Наконец, здравый смысл проснулся, и Рагульский перестал изображать припадочного старца. Он поднялся и, хромая, прошел в трюм. Здесь было сухо, воняло машинным маслом, грязной постелью, старыми засаленными тряпками и посудой. Доктор сел на сколоченный из досок стул, гостям присесть не предлагал, но они и не особо хотели.

– А что вам рассказать? Рассказать-то нечего. Госпиталь наш официально значился, как ведомственный санаторий для военнослужащих. К нам поступали пациенты с контузией, неизлечимыми психическими травмами. Однажды привезли целую команду, это был 86-той год, как раз перед Чернобылем. В марте. Поначалу боялись огласки, но когда рвануло, стало не до того.

– И мы что, всем отрядом контуженные были? – прорычал Вадим.

Рагульский повернул к нему голову:

– А что ты помнишь про «Гидру»?

Вадим напрягся, но за провокационным вопросом ничего не последовало. Вспоминать не хотелось. Все равно, что загонять иглу под ноготь.

– Я постарался это забыть.

– Ты? – усмехнулся Рагульский, и его почти беззубый рот скривился. – В этом нет твоей заслуги.

– О чем ты говоришь?! – Вадим невольно сжал кулаки, и зубы заскрежетали так, что заболела челюсть. – Ты что, память мне стер?

Рагульский рассмеялся, и это было страшно. Звук напомнил лай дряхлой умирающей собаки.

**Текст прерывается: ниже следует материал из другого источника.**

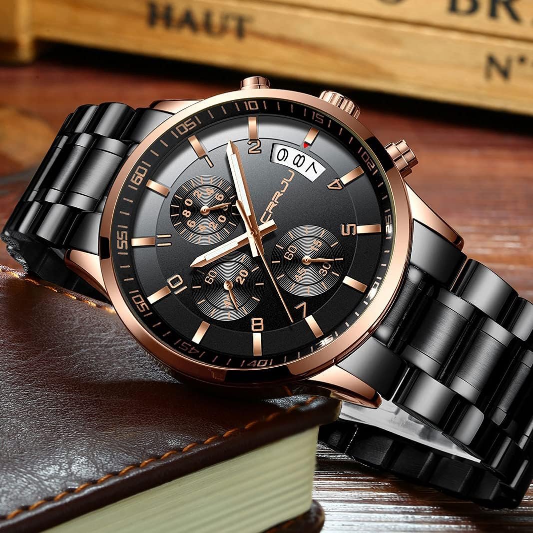 Write an article in French about: CRRJU Men’s Fashion Stainless Steel Watches Date Waterproof … In English
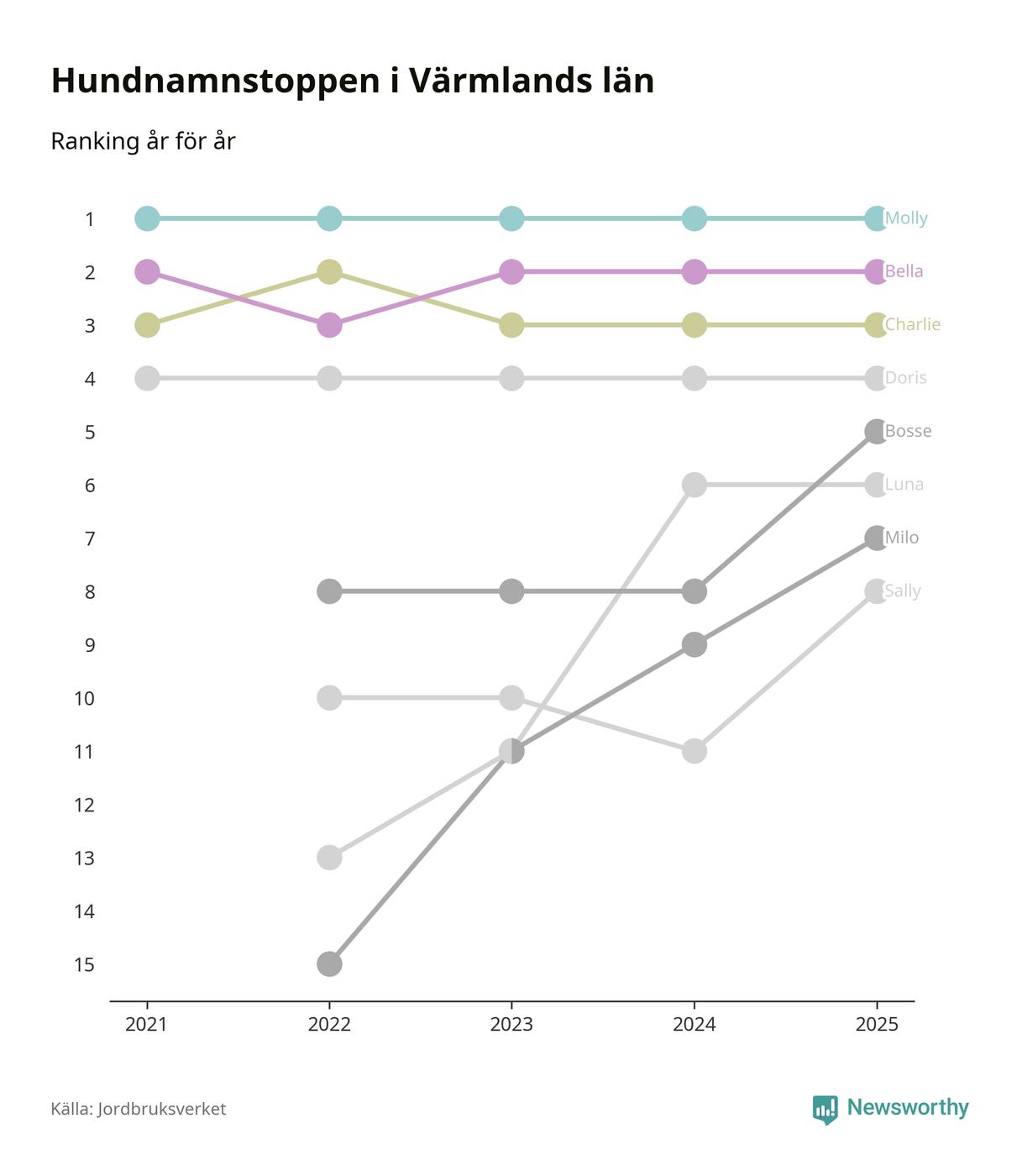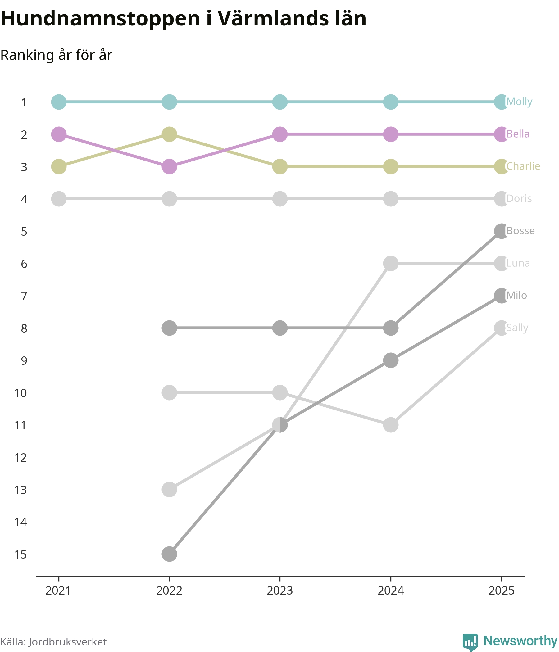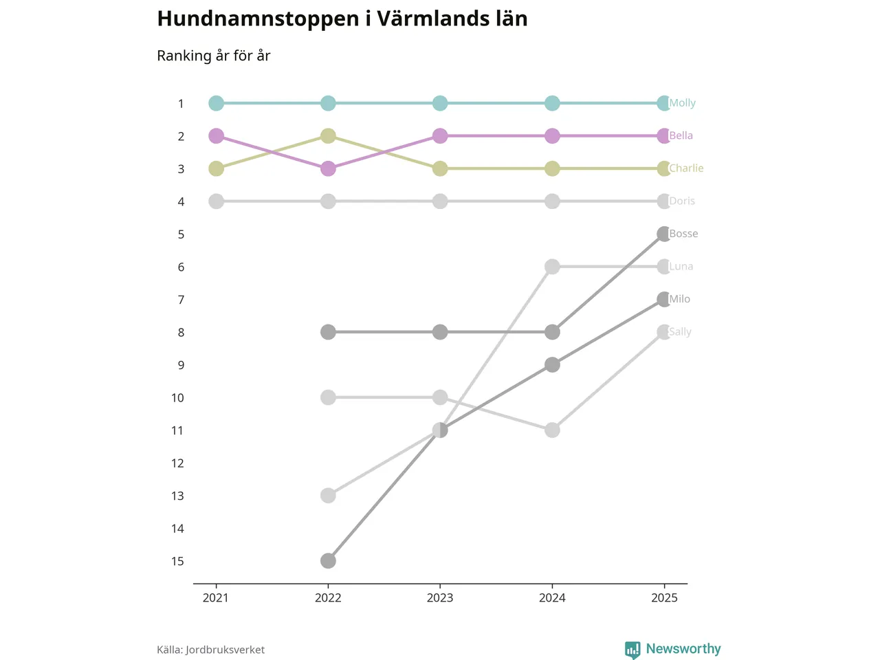 I hela landet är Molly det ohotat populäraste tilltalsnamnet för hundar sedan flera år, följt av Bella och Charlie. Något av de tre namnen toppar listan i 243 av 290 kommuner, och de har varit de vanligaste namnen sedan åtminstone 2018. Men det fjärde populäraste namnet, Doris, knappade in på ledartrion och kommer snart kunna utmana Charlie om tredjeplatsen, om trenden håller i sig.
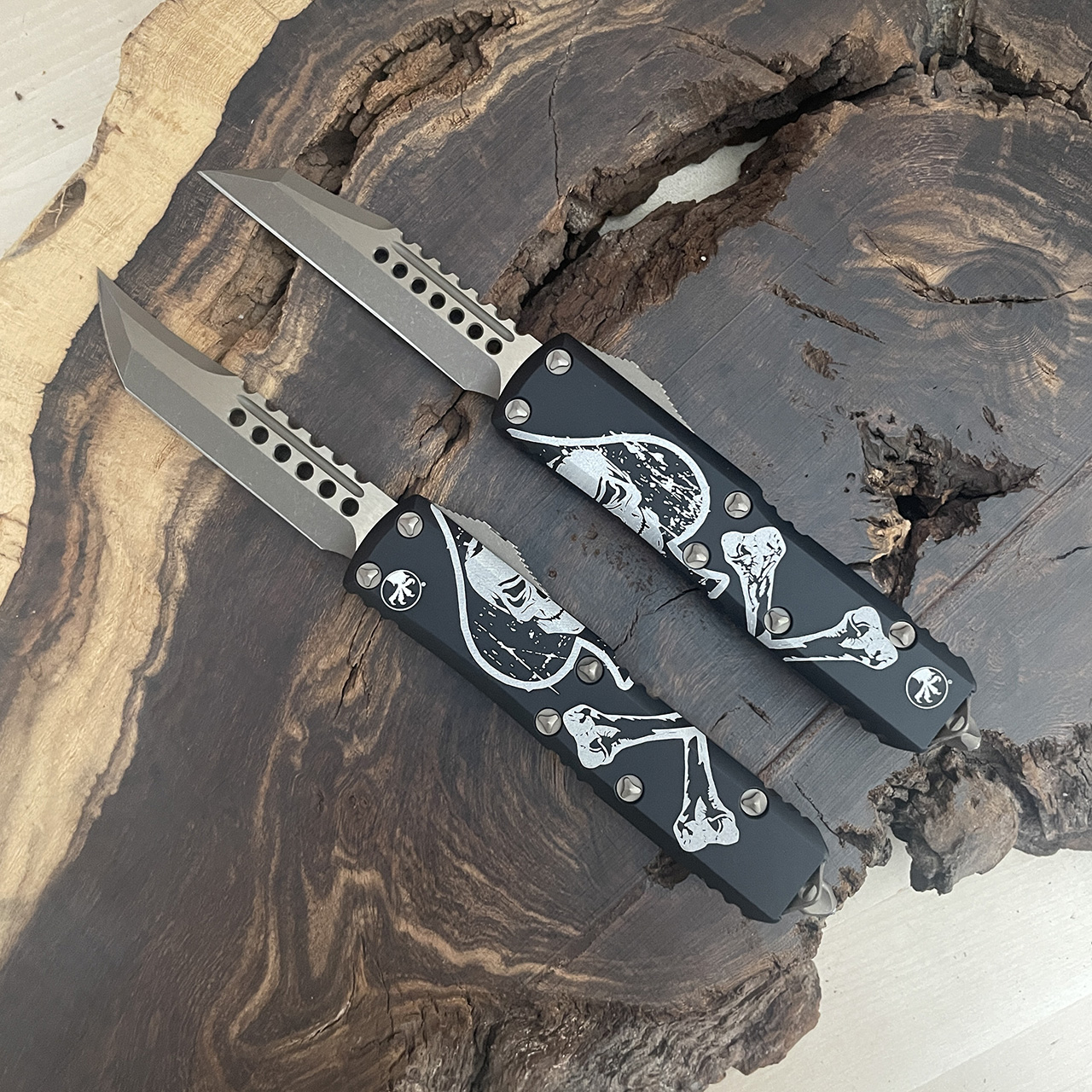 Microtech UTX-85 Death Card Hellhound and Warhound Set Bronzed Apocalyptic Standard Signature Series 719-13SETDCS
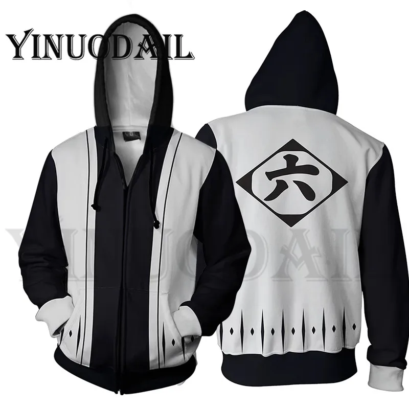 Мужские и женские мужские толстовки на молнии Аниме Bleach Толстовка Кучики Бьякуя отряд 6 Толстовка Captain Косплей костюмы Harajuku уличная одежда
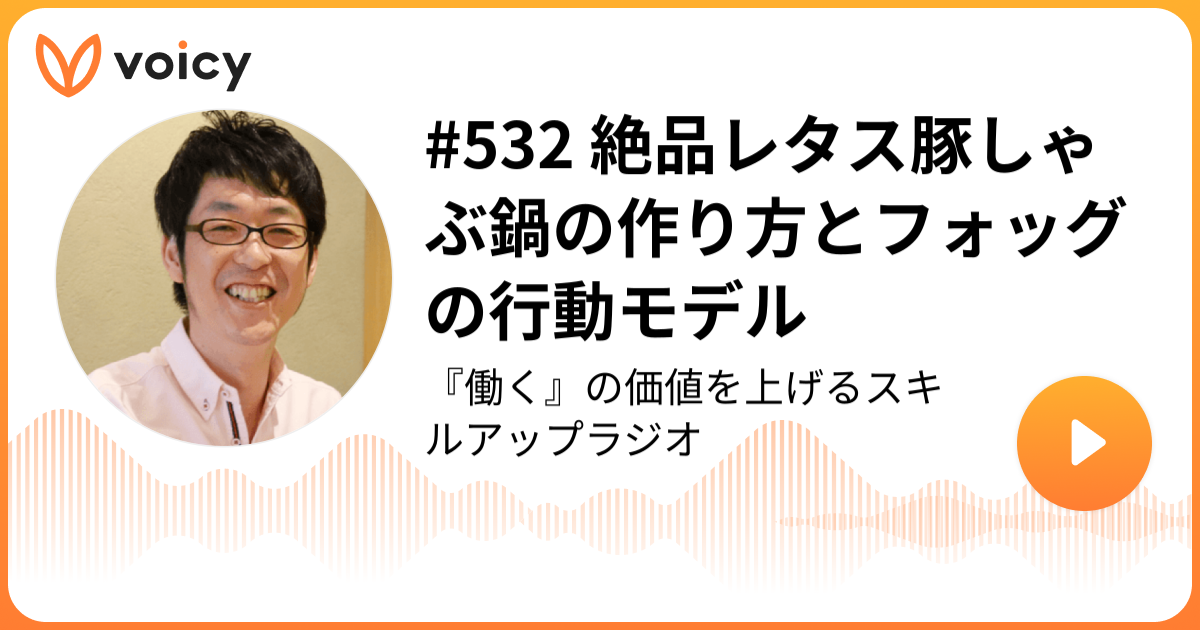 ということで、今日はVoicy「スキルアップラジオ」の放送から「絶品レタス豚しゃぶ鍋の作り方とフォッグの行動モデル」をお届けしました。
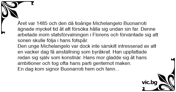 Året var 1485 och den då tioårige Michelangelo Buonarroti ägnade mycket tid åt att försöka hålla sig undan sin far. Denne arbetade inom statsförvalningen i Florens och förväntade sig att sonen skulle följa i hans fotspår.
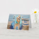 This bon voyage card features a golden retriever dressed as a nautical fairy, covered with shells, and holding a wand spelling out Summer. The text reads, “Bon Voyage!” and “Hope your trip is just BEACHY!”.
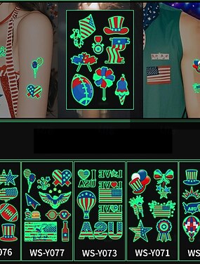 40 adesivi per tatuaggi con luce notturna per il giorno dell'indipendenza, impermeabili, adesivi per il viso con bandiera americana, calzini per feste, adesivi per tatuaggi celebrativi
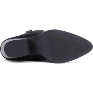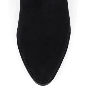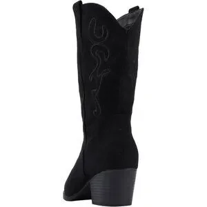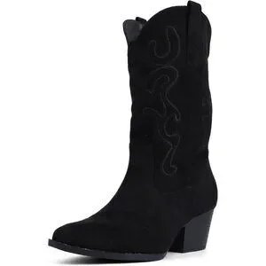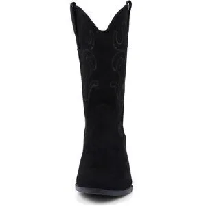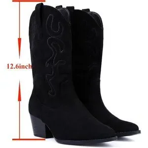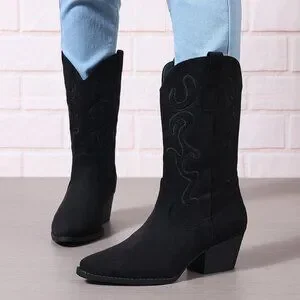 Women Black Suede Mid Calf Chunky Block Heel Western Embroidered Cowgirl Boot

– Стереть память невозможно, это миф! Ее можно только заблокировать. Ну а дальше механизм работает на самоочищение.

– Мудак вонючий, – Вадим не удержался и, схватив старика за грудки, рывком поднял со стула и встряхнул. – Что ты тявкаешь?!

В глазах доктора появился страх, он распахнул рот, судорожно вдыхая.

– Отпусти его, – Алекс придержал моряка за руку. – Это не ложь. Человеческая память так устроена. Она постоянно проигрывает события, как в записи, копирует их и уничтожает исходники. Но эти копии – не точные клоны первичной информации, они – ее пересказ. Поэтому людям свойственно что-то забывать или запоминать в искаженном виде. А если какой-то участок воспоминаний заблокировать, он не будет перезаписываться. То есть фактически – сотрется.

Вадим медленно разжал пальцы и брезгливо отряхнул руки. Доктор рухнул назад на стул, который захрустел под его тяжестью.

– Какого хрена?

«Зачем было так с нами поступать? Мы что, крысы какие-то? Кролики?!» – Вадим чувствовал, как тяжело бьется сердце. Он тоже совсем не мальчик, и переживания так просто не проходят. На секунду перед глазами потемнело, но он взял себя в руки.

– Что это был за проект? Какое задание?

– Я не знаю.

Кулак Вадима просвистел в воздухе. Рагульский сжался, закрывая голову руками:

– Я не знаю! Клянусь! Не знаю!

Он пугливо выглянул из-под руки, посмотрел на разъяренного моряка, затем на Алекса, который будто между прочим проверил наличие патронов в магазине. Выпучив глаза, он хриплым шепотом прокричал:

– Я могу назвать адрес, куда сдавал отчеты.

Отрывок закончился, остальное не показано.